You can select correction values in the map and right click and apply them to the main map, but you only need to do this every now and again, just to keep the main m
Feedback Mode This is where you can select, on a per load site basis, how you want the ECU to act. It can run in open loop where it ignores the lambda sensor completely, closed loop where it targets according to the AFR target map but doesn't record anything in the Correction map or Adaptive, which is the same as closed loop, but it stores the correction made for next time.

I found this worked very well, once I figured out, with the help from some Blatchat members, how to set the various settings, like response speed, etc.

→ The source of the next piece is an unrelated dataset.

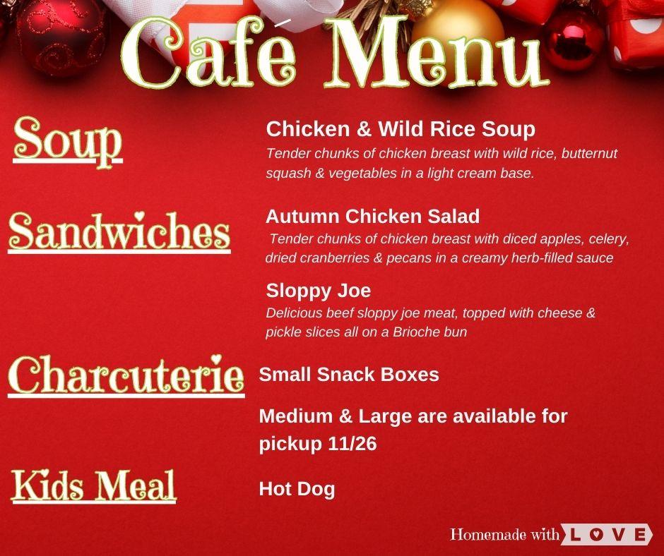 | Stop by for lunch! Items on the lunch menu will be made with love and from scratch by our own Chef Connie. | |

One of the other new features of the K3 is the fact that you can change the load site values to what you like, so the rpm and throttle positions can be changed to 200rpm gaps, or whatever you like. I did this when I got my ECU back as the 500rpm gaps of the old version meant that I was only using half the map. The ECU then interpolated the new spacing and gave me a map based on the old one. When I first drove the car with the K3 it was running very lean up to around 3000rpm and I initially thought my AFR sensor was playing up as it wasn't like that before the upgrade, and I had fitted the dashboard in-between, so may have altered something. After some trials I found it wasn't this and it must be the map. I added some fuel in the problem areas and switched on the adaptive mapping and went back out - hey presto, which it as a bit rich to start with, you could feel the engine getting stronger if you held the throttle still and it simply got better and better. Great!

However great adaptive mapping may be, I still felt that I should get the car on a rolling road - there are parts of the map that you enter so rarely that it doesn't have chance to correct (like high rpm, or high load but slow rpm) and I had no way of knowing if my ignition was anywhere near close. I booked a session at Emerald and then waited the 8 weeks for it to come around - that's how busy they are. I set off early in the morning for a gentle drive around the M25 and up the A11 and I arrived 3hrs later, just after 9am. Dave Walker was there and moved a project car out of the way so I could back my car into the torture chamber and then made me a cup of tea. Things got under way around 10am and Dave worked his way through the lower rpm sites, checking the fueling, adjusting it further up if you spotted a potential problem, etc. He was very methodical, I suspect from having done so many car now, but it was very interesting to watch, and you just can't expect to be able to hold load sites in the same way on the road whilst trying to drive at the same time. He worked his way up to 5000rpm and then went for the first power run. This was the moment I had been dreading for two reasons: a) it might blow up and b) what if it made some abysmal figure, far less than expected - Id be gutted. I kept telling myself that I would be happy if it made 190bhp and really happy if it made 200bhp - but really I wanted the magic 200bhp - it just sounds so much better doesn't it.
On the first run it made 196.4bhp - great, that isn't bad for a first attempt and fear number 2 was crossed off my list. Dave went back and added some advance and tried again - 198.6bhp. Getting there, so a bit more was added and he took it a bit higher on the revs this time and got 201.4bhp. One happy bunny and the car was intact, which was a bonus. Dave proceeded to check the fueling out from his data read-outs and make some more adjustments and at around 1pm he declared it done.
On the trip home the car felt a lot nicer to drive. Whilst I was, again, only on the motorway, I could feel that the engine had loads more power at light throttle due to all the added advance and I was maintaining my speed with a noticeably lighter throttle. I brimmed the tank shortly after leaving Emerald and again when I got home and recorded 33.5mpg - which wasn't bad as I hit some traffic on the M4 and had a play with a Ferrari F355 as we were both bored.